As suggested by @pattacini and @traversaro, we did the test also in the configuration where we employ the yarprun
as a broker in place of the localhost.
In this case, the results seem better (less traces missed), but the problem persists as the delay time decreases. I also noticed the yWarning
and yError
seem more rugged and reliable than the yInfo
; maybe, this is due to a possible priority mechanism, I suppose.
I suppose this might be caused by the fact that the logger is using a BufferedPort...
https://github.com/robotology/yarp/blob/97723811b5e89806feed21a9892cc19242f27251/src/libYARP_logger/src/yarp/logger/YarpLogger.h#L220
CC @randaz81
I suppose this might be caused by the fact that the logger is using a BufferedPort...

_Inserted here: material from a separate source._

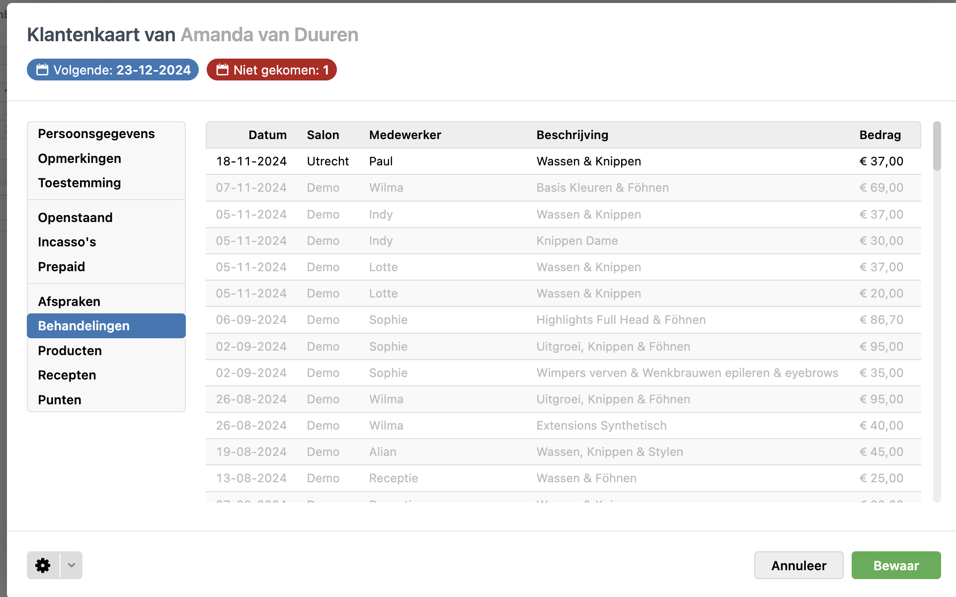 Bij het maken van een afspraak, het afrekenen of in het tabblad klanten kan een klantenkaart worden gezocht. Met de knop Iedereen wordt ook gezocht in andere filialen uit hetzelfde Salonhub account en komen de klantenkaarten van de andere filialen naar voren. Dit is handig wanneer een klant al een klantenkaart heeft in een ander filiaal.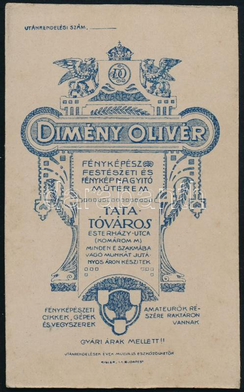 cca 1910 Elegáns fiatalember portréja, vizitkártya Dimény Olivér (Tata...

I was thinking the same, but this buffered port is configured as strict (on read):
https://github.com/robotology/yarp/blob/efc07a766fe70a293e391a4f95411bd564a2c4d8/src/libYARP_logger/src/yarp/logger/YarpLogger.cpp#L521
So perhaps the forwarding port (on write) is to be blamed, not the yarplogger's one. The log forwarder enables background writes:
https://github.com/robotology/yarp/blob/efc07a766fe70a293e391a4f95411bd564a2c4d8/src/libYARP_os/src/yarp/os/impl/LogForwarder.cpp#L43
According to the following inline doc, it does not wait for writes to complete immediately (false
), hence I think some of them may be lost in the process:
https://github.com/robotology/yarp/blob/5313b2defd8be7237567ea56eca8dde93dfc8121/src/libYARP_os/src/yarp/os/impl/PortCore.h#L542
Any comment on this @randaz81 ?
I believe that @PeterBowman is right, the problem is probably this static bottle:
https://github.com/robotology/yarp/blob/efc07a766fe70a293e391a4f95411bd564a2c4d8/src/libYARP_os/src/yarp/os/impl/LogForwarder.cpp#L49-L59
When the forward
method is called twice, the Bottle::clear()
method could be called before the message is sent, therefore, if I understand correctly, the empty bottle contains no data and, when serialized as binary (not as string), nothing is sent (which is probably a different bug to be further investigated.
I opened #2667 which fixes the issue for me (at least according to @sgiraz very useful check_log_file.sh
script). Does anyone else want to try it before I merge it?
if I understand correctly, the empty bottle contains no data and, when serialized as binary (not as string), nothing is sent (which is probably a different bug to be further investigated.
Just for reference, I was wrong on this, empty Bottles are sent correctly both in binary and text form
Hi guys! I hope you are well 🙂
I'm reaching you because I would like to know if you have found any solution to this logging issue. If yes, please, could provide a brief description about how you solved it?
Thanks! 🙏🏻
Nope, sorry. You can try #2667 that fixes the issue, but blocks the sender thread when there are too many messages, and it is therefore dangerous, hence it cannot be merged in YARP (at least for now). I don't see a solution, unless we implement a "background strict" mode in the port, that makes the buffer bigger when there are messages in queue.